3. Apply the tokenization process to the text corpus and print the first 20 tokens.

4. Apply spelling correction on each token and print the initial 20 corrected tokens
as well as the corrected text corpus.

5. Apply PoS tags to each of the corrected tokens and print them.

6. Remove stop words from the corrected token list and print the initial 20 tokens.

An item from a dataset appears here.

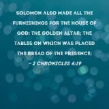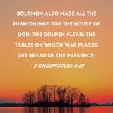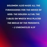 Solomon also made all the furnishings for the house of God: the golden altar; the tables on which was placed the Bread of the Presence;

7. Apply stemming and lemmatization to the corrected token list and then print the
initial 20 tokens.

8. Detect the sentence boundaries in the given text corpus and print the total
number of sentences.

In [20]:
# (1) Import the necessary libraries
import string
import pandas as pd
import numpy as np
from nltk import stem
from nltk import ne_chunk
from nltk.wsd import lesk
from autocorrect import Speller
from nltk.corpus import stopwords
from nltk.tokenize import sent_tokenize
from nltk.stem.wordnet import WordNetLemmatizer
from nltk import word_tokenize, pos_tag, download

In [21]:
download('stopwords')
download(['punkt','averaged_perceptron_tagger','stopwords'])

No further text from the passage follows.